DATA IN THIS EXERCISE |
====

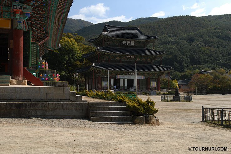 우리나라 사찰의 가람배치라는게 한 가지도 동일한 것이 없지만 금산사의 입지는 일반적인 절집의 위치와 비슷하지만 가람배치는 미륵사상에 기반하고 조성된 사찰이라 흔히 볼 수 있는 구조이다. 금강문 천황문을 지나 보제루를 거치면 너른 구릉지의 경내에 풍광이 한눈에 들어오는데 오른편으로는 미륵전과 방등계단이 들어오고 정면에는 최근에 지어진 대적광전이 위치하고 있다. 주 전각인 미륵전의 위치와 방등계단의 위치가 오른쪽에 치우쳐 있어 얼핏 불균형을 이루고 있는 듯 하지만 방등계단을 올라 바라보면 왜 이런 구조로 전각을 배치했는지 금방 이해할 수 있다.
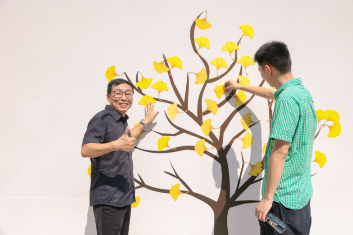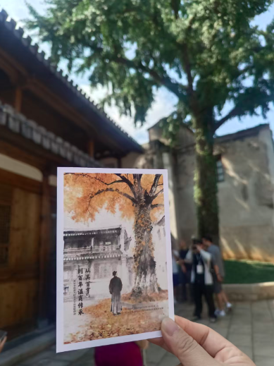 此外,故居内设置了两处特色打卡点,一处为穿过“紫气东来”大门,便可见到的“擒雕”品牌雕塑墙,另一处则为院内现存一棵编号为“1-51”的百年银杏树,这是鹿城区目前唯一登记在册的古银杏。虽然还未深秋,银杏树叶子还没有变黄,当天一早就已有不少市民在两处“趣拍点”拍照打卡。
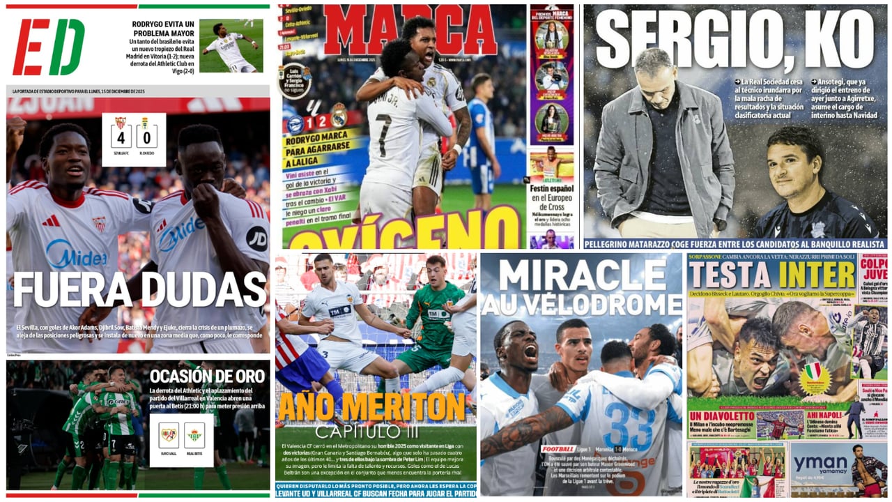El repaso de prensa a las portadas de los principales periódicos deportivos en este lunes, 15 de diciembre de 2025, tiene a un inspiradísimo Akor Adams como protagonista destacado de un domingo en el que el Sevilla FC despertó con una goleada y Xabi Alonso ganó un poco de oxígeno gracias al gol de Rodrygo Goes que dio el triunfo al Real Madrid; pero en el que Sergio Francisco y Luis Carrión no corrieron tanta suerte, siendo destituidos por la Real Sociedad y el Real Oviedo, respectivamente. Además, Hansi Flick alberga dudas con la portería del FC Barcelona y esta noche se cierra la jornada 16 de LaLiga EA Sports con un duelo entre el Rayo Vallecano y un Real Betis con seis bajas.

====

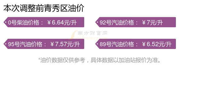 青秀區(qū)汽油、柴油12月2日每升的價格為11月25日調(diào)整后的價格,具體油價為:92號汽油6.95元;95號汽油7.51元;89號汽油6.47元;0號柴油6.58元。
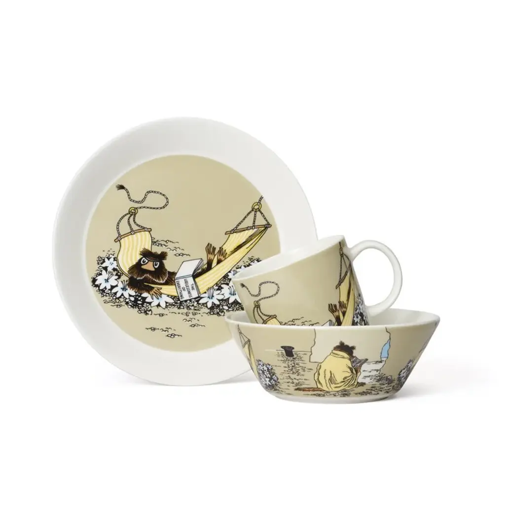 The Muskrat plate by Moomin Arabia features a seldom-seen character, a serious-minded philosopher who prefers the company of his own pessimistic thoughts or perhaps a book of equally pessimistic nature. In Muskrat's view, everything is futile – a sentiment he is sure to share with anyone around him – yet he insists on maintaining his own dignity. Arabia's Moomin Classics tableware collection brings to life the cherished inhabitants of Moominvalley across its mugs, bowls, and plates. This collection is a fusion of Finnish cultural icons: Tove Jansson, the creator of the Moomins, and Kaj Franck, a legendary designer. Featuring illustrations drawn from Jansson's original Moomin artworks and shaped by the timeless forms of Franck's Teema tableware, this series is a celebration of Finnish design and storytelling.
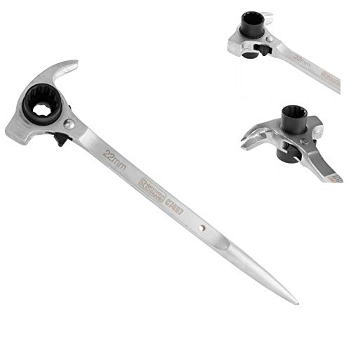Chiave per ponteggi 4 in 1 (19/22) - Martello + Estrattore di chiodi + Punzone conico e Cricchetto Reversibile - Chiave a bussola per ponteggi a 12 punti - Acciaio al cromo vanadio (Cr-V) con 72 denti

====

TASK INSTRUCTIONS | Copy back exactly the lines above from the one containing "青秀區(qū)汽油、柴油12" through the one containing "The Muskrat plate", and leave every picture behind.

THE ANSWER |
 青秀區(qū)汽油、柴油12月2日每升的價格為11月25日調(diào)整后的價格,具體油價為:92號汽油6.95元;95號汽油7.51元;89號汽油6.47元;0號柴油6.58元。
 The Muskrat plate by Moomin Arabia features a seldom-seen character, a serious-minded philosopher who prefers the company of his own pessimistic thoughts or perhaps a book of equally pessimistic nature. In Muskrat's view, everything is futile – a sentiment he is sure to share with anyone around him – yet he insists on maintaining his own dignity. Arabia's Moomin Classics tableware collection brings to life the cherished inhabitants of Moominvalley across its mugs, bowls, and plates. This collection is a fusion of Finnish cultural icons: Tove Jansson, the creator of the Moomins, and Kaj Franck, a legendary designer. Featuring illustrations drawn from Jansson's original Moomin artworks and shaped by the timeless forms of Franck's Teema tableware, this series is a celebration of Finnish design and storytelling.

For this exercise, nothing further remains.